6. Only use clocks that are derivatives of master clock.

7. If rule #6 is violated, use double synchronizer for all signals
crossing clock domains.

8. Only use clocks for synchronous processes, do not substitute signals
for clocks(i.e. on clock signals for 'event command).

process 1:
if clk'event and clk = 1 then
irq <= data_bus;

process 2: Bad Example: process 2: Good Example:
if irq'event and irq = 1 then if clk'event and clk= 1 then
clear <= '1'; if irq = 1 then
clear <= '1';

9. Implement state machines with one of the following implementations:
a. 3 process state machine.
One synchronous process for updating state with next_state
One state machine process updating next_state only
One state machine process updating outputs only
b. 2 process state machine (preferred method)
One synchronous process for updating state with next_state
One state machine process updating next_state and outputs

10. State machines should assign outputs a hard coded value only. If
previous values are used in signal assignment statement then a latch
will be inferred to store that previous value.

Example:
Good: output <= '1' or output_bus<= "0010"
Bad: out <= outt xor input ; or out_bus <= out_bus(3 downto 1) & '0';

If previous value needed, use a synchronous if/else statement with
imbedded case or if/else statements
-------------END----------------
 
Beanut wrote:
Here's a list of rules I've compiled over time from experience and web
sites like this one. Please provide feedback.
Good work!
I believe all the way down to 9.


6. Only use clocks that are derivatives of master clock.
(a single clock is preferred)

8. Only use clocks for synchronous processes, do not substitute signals
for clocks(i.e. on clock signals for 'event command).

process 1:
if clk'event and clk = 1 then
irq <= data_bus;

process 2: Bad Example: process 2: Good Example:
if irq'event and irq = 1 then if clk'event and clk= 1 then
clear <= '1'; if irq = 1 then
clear <= '1';
I believe in the commandment, but would prefer
"if rising_edge(clk)" in the examples.

9. Implement state machines with one of the following implementations:
a. 3 process state machine.
One synchronous process for updating state with next_state
One state machine process updating next_state only
One state machine process updating outputs only
b. 2 process state machine (preferred method)
One synchronous process for updating state with next_state
One state machine process updating next_state and outputs
I would remove all references to "state machines" from
the commandments because this is not a vhdl abstraction.
The vhdl version of this commandment would concern
how to make use of local variables in the process(es)
made synchronous by the first commandment.

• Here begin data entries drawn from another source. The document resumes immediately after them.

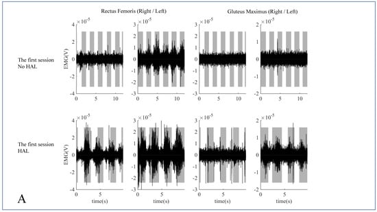 (A) Band-pass filtered EMG data of the rectus femoris and gluteus maximus muscles compared during the HAL training (with and without HAL) in the first session. (B) Band-pass filtered EMG data of the rectus femoris and gluteus maximus muscles compared during the HAL training (with and without HAL) in the tenth session.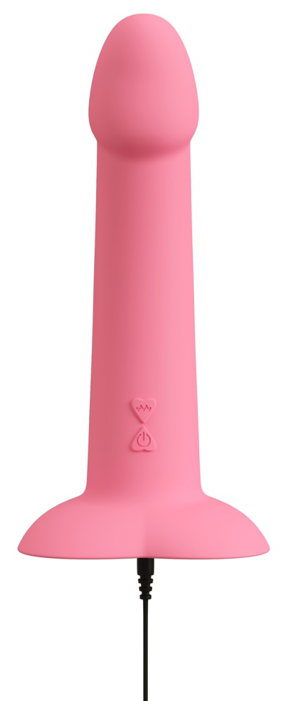 Pinkfarbener Vibrator Heart Guy Pink von You2Toys mit starkem herzförmigem Saugfuß. Puristisch schön, seidig glatt und mit prall ausgeformter stilisierter Eichel. Dazu 10 vielseitige, enorm kräftige Vibrationsmodi, die keine Wünsche offenlassen. Ganz bequem per Knopfdruck!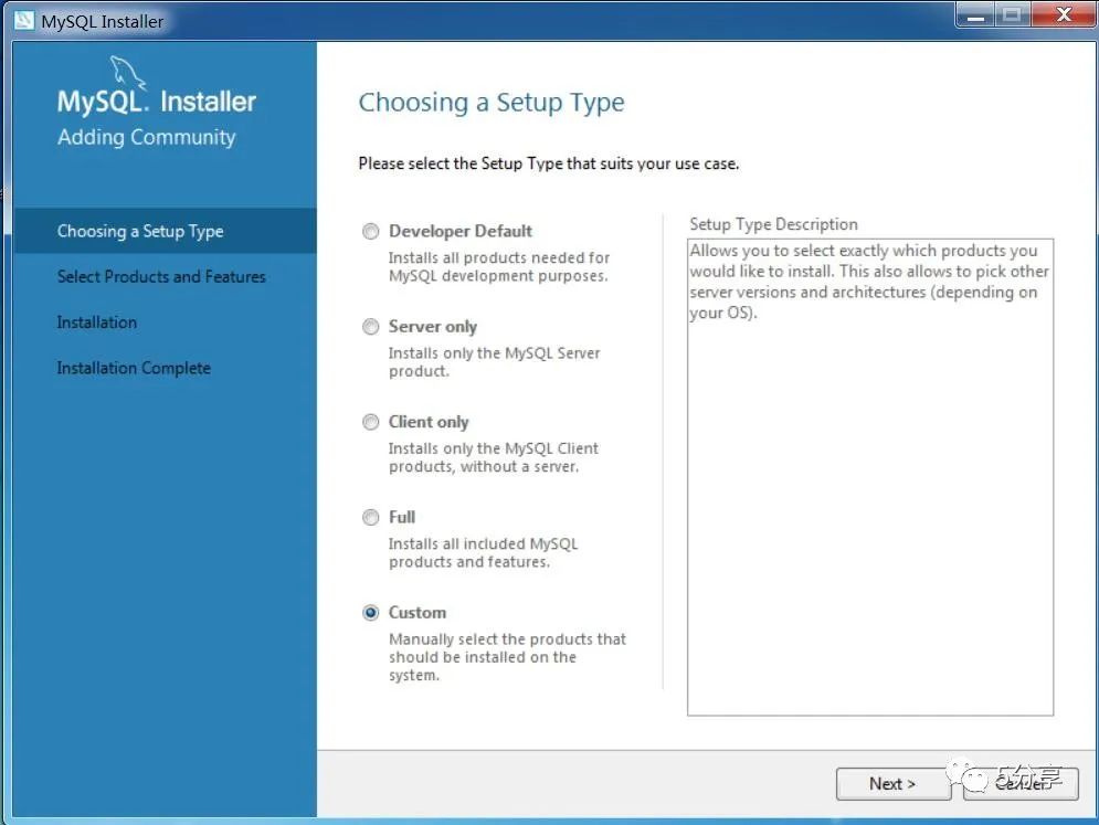 点击MYSQL安装文件,选择【custom】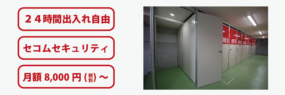 | Q1、トランクルームを内覧することはできますか? A1、事前に予約を入れて頂き、内覧することが可能です。 Q2、搬入・搬出の時間は決まっていますか? A2、24時間365日、いつでも可能です。 Q3、収納してはいけないものはありますか? A3、貴重品、動植物、危険物、異臭・悪臭のする物品、水分や高温を発する物品、発火性、引火性のある物品等はお断りしております。 Q4、契約時に何が必要ですか? A4、個人のお客様:身分証明書の写し(運転免許証、パスポート、住基カード等)・ご印鑑、法人のお客様:登記簿謄本・ご印鑑 Q5、最短何ヶ月から借りることが可能ですか? A5、最短1ヶ月からご利用可能です。 Q6、トランクルームに住めますか? A6、トランクルームは住居ではありませんので、住めません。 Q7、ペットを飼うことはできますか? A7、いかなる種類の生き物においても飼うことはできません。 Q8、電源はありますか? A8、トランクルーム内に電源はございません。 Q9、管理人はいますか? A9、管理人はおりませんが、スタッフが定期的に巡回しております。 Q10、保管品の注意事項はありますか? A10、1. 衣類(着物)はクリーニングした後に、衣装ケース等に入れ、乾燥剤・防虫剤を入れて収納することをお勧めします。 2. アウトドア用品は、よく乾かしてから収納することをお勧めします。 3. 革製品はこまめなお手入れが必要です。お客様個々での管理をお願いします。 4. 荷物はスノコを活用するなどし、隙間を空けて収納することをお勧めします。 TOPへ戻る |
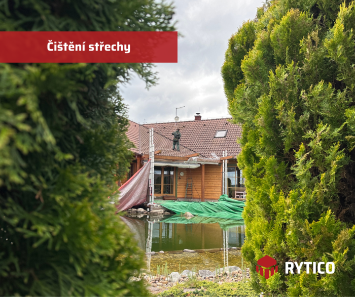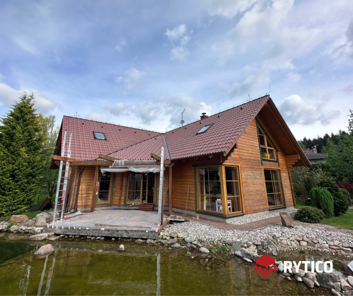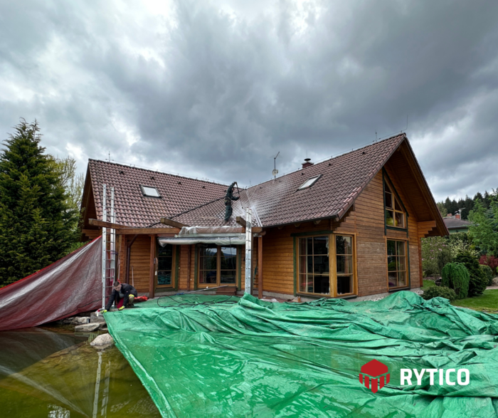 V červnu 2023 se náš střechařský tým pustil do práce na tomto domě. Před realizací bylo zapotřebí ochránit krásný rybníček před domem od případných nečistot. Následně byly odstraněny mechy a lišejníky tlakovou vodou, nakonec byla aplikována vrstva dlouhodobé ochranné impregnace.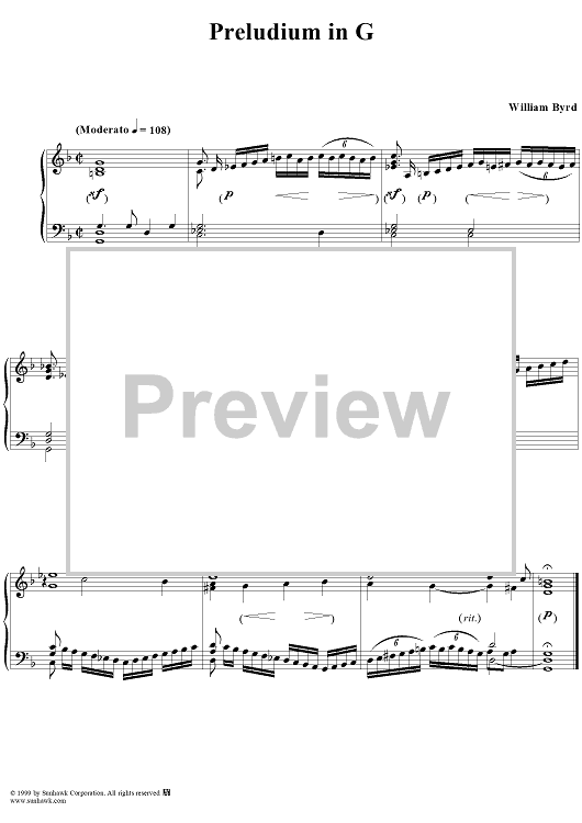 Digital Sheet Music for Preludium in G by William Byrd scored for Piano Solo; id:263318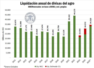 (NAP) Los diversos incentivos que impulsó el gobierno de Javier Milei durante el año (“dólar blend”, rebaja y eliminación temporaria de retenciones), posibilitaron que la agroindustria liquidara entre enero y octubre de este año US$ 34.500 millones, casi US$ 33.000 millones en el Mercado Libre de Cambios (según datos del BCRA y de CIARA-CEC) y un estimado de US$ 1.550 millones ingresados vía el dólar CCL. (contado con liqui).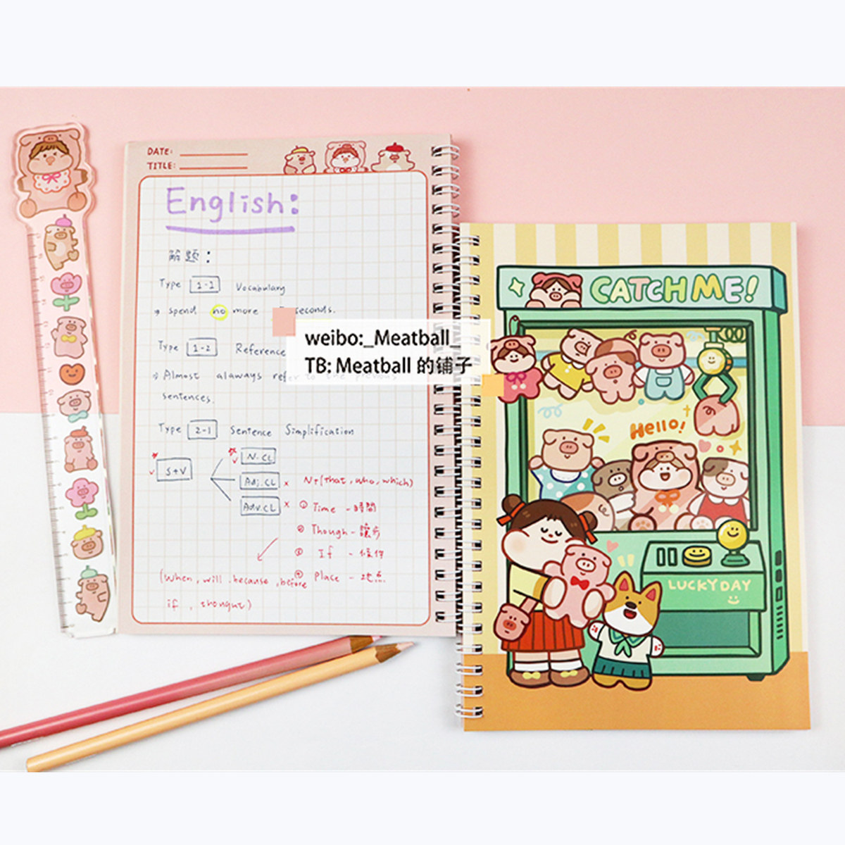 Meatball Meat Ball Original Clip Doll Machine Series Cute Coil Notebook Notepad Hand Ledger
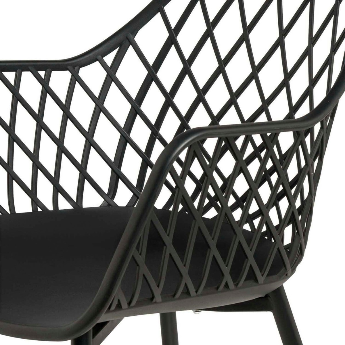 Su estructura combina líneas modernas con un atractivo diseño de rejilla en respaldo y reposabrazos, lo que le aporta un aire sofisticado y dinámico a cualquier ambiente exterior.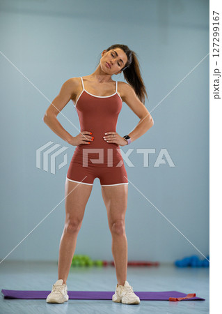 girl athlete stands in a gym tilting her head to the right and left. She wears a fitted outfit and appears focused while engaging in a warm up routine.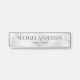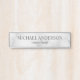 Haz que tu negocio parezca más profesional con un elegante cartel de puerta. Este signo de puerta muestra el nombre en el estilo de fuente serif profesional gris y el título en el estilo de fuente de escritura gris sobre fondo de mármol blanco. Perfecto para un agente inmobiliario, consultor, contable y muchas otras profesiones.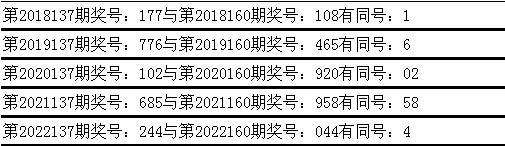 与前期历史同期奖号对比分析,在最近五年开奖中,第137期同期奖号与第160期同期奖号都出现了相同号码:
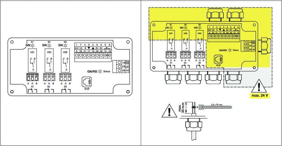 - vous avez utilisé des fils rigides 1,5 mm2 entre les relais d’isolement et les entrées des X-4VR V2 ce qui force sur les connecteurs des entrées (en particulier du X-4VR V2 de gauche). Vous pouvez tout à fait utiliser des fils provenant d’un câble ethernet à la place.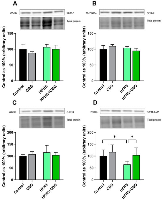 We observed no significant differences in the cyclooxygenase-1 (COX-1), cyclooxygenase-2 (COX-2), and 5-lipooxygenase (5-LOX) expressions (p > 0.05; Figure 4A, Figure 4B or Figure 4C, respectively) in all experimental groups. In the case of 12/15-lipooxygenase (12/15-LOX) expression, there was a reduction in the HFHS group (HFHS: −35.2%, p < 0.05, vs. Control group, Figure 4D), which was elevated after two weeks of CBG administration (HFHS+CBG: +61.0%, p < 0.05, vs. HFHS group, Figure 4D).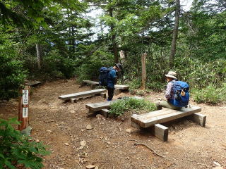 | 登るにつれて傾斜が緩み、樹林が低くなっていく。 9時:水場の休憩ポイントに到着。標高は1638m。 | |||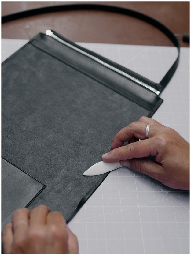 The balanced strap length ensures PB 1 is comfortable to carry in any state. Material and Craftsmanship Made from 1.1 m² of soft, vegetable-tanned leather, PB 1 reveals the natural beauty of the material over time. We deliberately omitted a lining to reduce weight. The reverse side of the leather is specially treated to maintain a smooth, refined surface. Protective piping along the edges adds structure and ensures durability.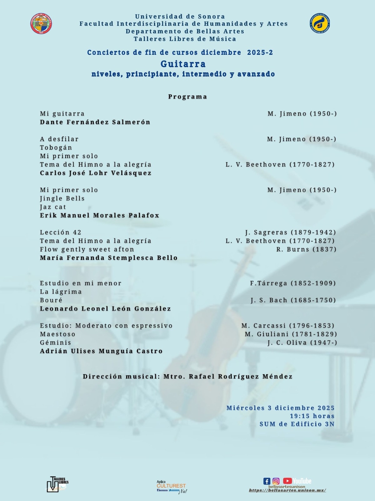 Conciertos Guitarra 8 diciembre, 20258 diciembre, 2025Juliana Rodriguez Conciertos de fin de cursos diciembre 2025-2 Talleres Libres de MúsicaGuitarra niveles principiante, intermedio y avanzadoAlumnos del Maestro Rafael Rodríguez Méndez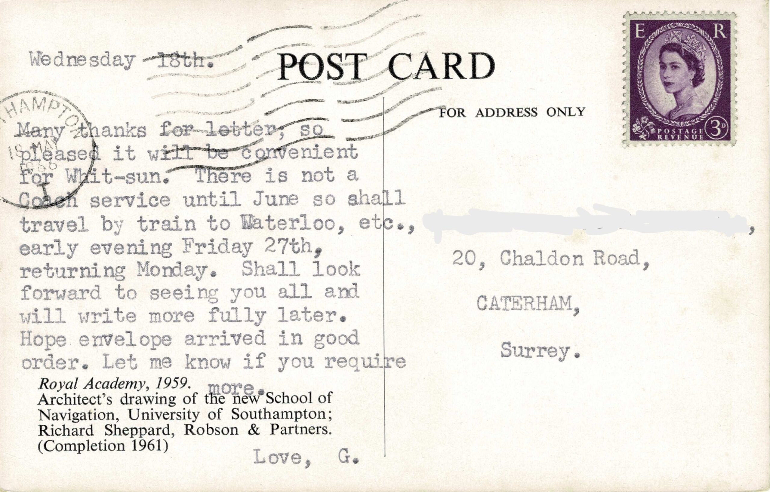 The card was written and posted on Wednesday 18 May 1966. Very unusually, it is a typed message. A busy senior staff member, perhaps, who had access to secretarial support?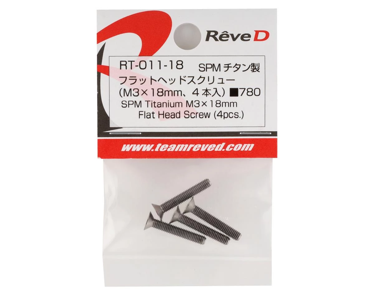 A package of four Reve D 3x18mm SPM Titanium Flat Head Screws.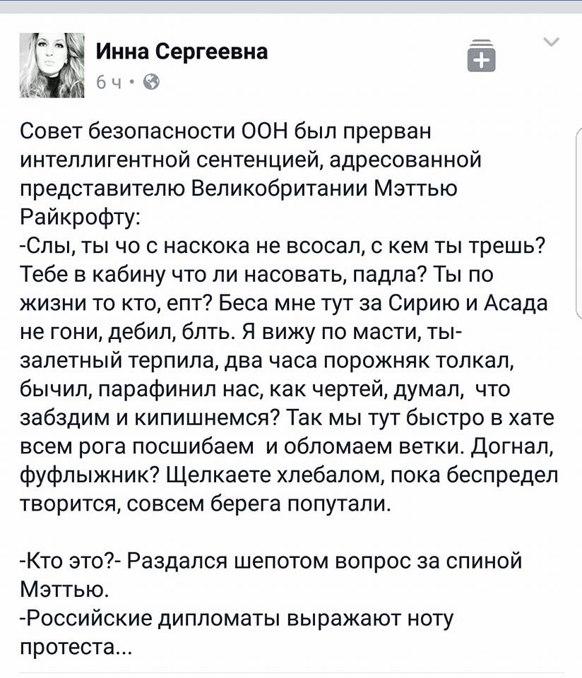"Ты сегодня говорил, господин Райкрофт, не по повестке дня заседания. Оскорблял Сирию, Иран, Турцию, другие государства... Не смей оскорблять Россию больше", - истерично завершил представитель РФ.

10. State machines should assign outputs a hard coded value only. If
previous values are used in signal assignment statement then a latch
will be inferred to store that previous value.
This commandment is unnecessary since the first commandment
makes latches impossible to create.


-- Mike Treseler
 
Hi,
I like the commandment, but 10. point has better definitions:

10. State machines should assign outputs a hard coded value only. If
previous values are used in signal assignment statement then a latch
will be inferred to store that previous value.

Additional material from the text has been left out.